Storing logs in a centralized log server is a way to maintain log integrity. When logs are generated, they get sent to a dedicated server instead of getting stored on a local machine. This makes it more difficult for attackers to access logs because there is a barrier between the attacker and the log location.

Commonly used log formats: Syslog, JSON, XML, CSV, CEF

Syslog#

Syslog is a standard for logging and transmitting data. It can be used to refer to any of its three different capabilities:

Protocol: The syslog protocol is used to transport logs to a centralized log server for log management. It uses port 514 for plaintext logs and port 6514 for encrypted logs.
Service: The syslog service acts as a log forwarding service that consolidates logs from multiple sources into a single location. The service works by receiving and then forwarding any syslog log entries to a remote server.
Log format: The syslog log format is one of the most commonly used log formats that you will be focusing on. It is the native logging format used in Unix® systems. It consists of three components: a header, structured-data, and a message.

Syslog log example#

Here is an example of a syslog entry that contains all three components: a header, followed by structured-data, and a message:
<236>1 2022-03-21T01:11:11.003Z virtual.machine.com evntslog - ID01 [user@32473 iut="1" eventSource="Application" eventID="9999"] This is a log entry!

Header
The header contains details like the timestamp; the hostname, which is the name of the machine that sends the log; the application name; and the message ID.
- Timestamp: The timestamp in this example is 2022-03-21T01:11:11.003Z, where 2022-03-21 is the date in YYYY-MM-DD format. T is used to separate the date and the time. 01:11:11.003 is the 24-hour format of the time and includes the number of milliseconds 003. Z indicates the timezone, which is Coordinated Universal Time (UTC).
- Hostname: virtual.machine.com
- Application: evntslog
- Message ID: ID01
Structured-data
The structured-data portion of the log entry contains additional logging information. This information is enclosed in square brackets and structured in key-value pairs. Here, there are three keys with corresponding values: [user@32473 iut=“1” eventSource=“Application” eventID=“9999”].
Message
The message contains a detailed log message about the event. Here, the message is This is a log entry!.
Priority (PRI)
The priority (PRI) field indicates the urgency of the logged event and is contained with angle brackets. In this example, the priority value is <236> . Generally, the lower the priority level, the more urgent the event is.

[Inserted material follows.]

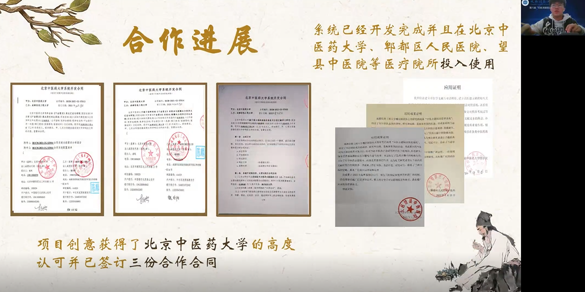 此次评选活动最精彩的环节当属12月15日下午举行的线上评审答辩会。由学校教育基金会、党委学生工作部、教务处、研究生处、科技处、校团委负责人;九州登录四川校友会副会长、九州登录企业家联谊会秘书长、成都德津科技有限公司董事长楚辉东;学校本科教学指导委员会创新创业教育分委会专家代表;大学生创新开放实验室主任代表组成的评审专家组,通过线上形式,对候选团队(个人)的创新创业项目进行了评审。

CEF (Common Event Format)#

Common Event Format (CEF) is a log format that uses key-value pairs to structure data and identify fields and their corresponding values. The CEF syntax is defined as containing the following fields:

cef
CEF:Version|Device Vendor|Device Product|Device Version|Signature ID|Name|Severity|Extension

plaintext

Fields are all separated with a pipe character |. However, anything in the Extension part of the CEF log entry must be written in a key-value format. Syslog is a common method used to transport logs like CEF. When Syslog is used a timestamp and hostname will be prepended to the CEF message. Here is an example of a CEF log entry that details malicious activity relating to a worm infection:

Sep 29 08:26:10 host CEF:1|Security|threatmanager|1.0|100|worm successfully stopped|10|src=10.0.0.2 dst=2.1.2.2 spt=1232

plaintext

Here is a breakdown of the fields:

Syslog Timestamp: Sep 29 08:26:10
Syslog Hostname: host
Version: CEF:1
Device Vendor: Security
Device Product: threatmanager
Device Version: 1.0
Signature ID: 100
Name: worm successfully stopped
Severity: 10
Extension: This field contains data written as key-value pairs. There are two IP addresses, src=10.0.0.2 and dst=2.1.2.2, and a source port number spt=1232. Extensions are not required and are optional to add.

This log entry contains details about a Security application called threatmanager that successfully stopped a worm from spreading from the internal network at 10.0.0.2 to the external network 2.1.2.2 through the port 1232. A high severity level of 10 is reported.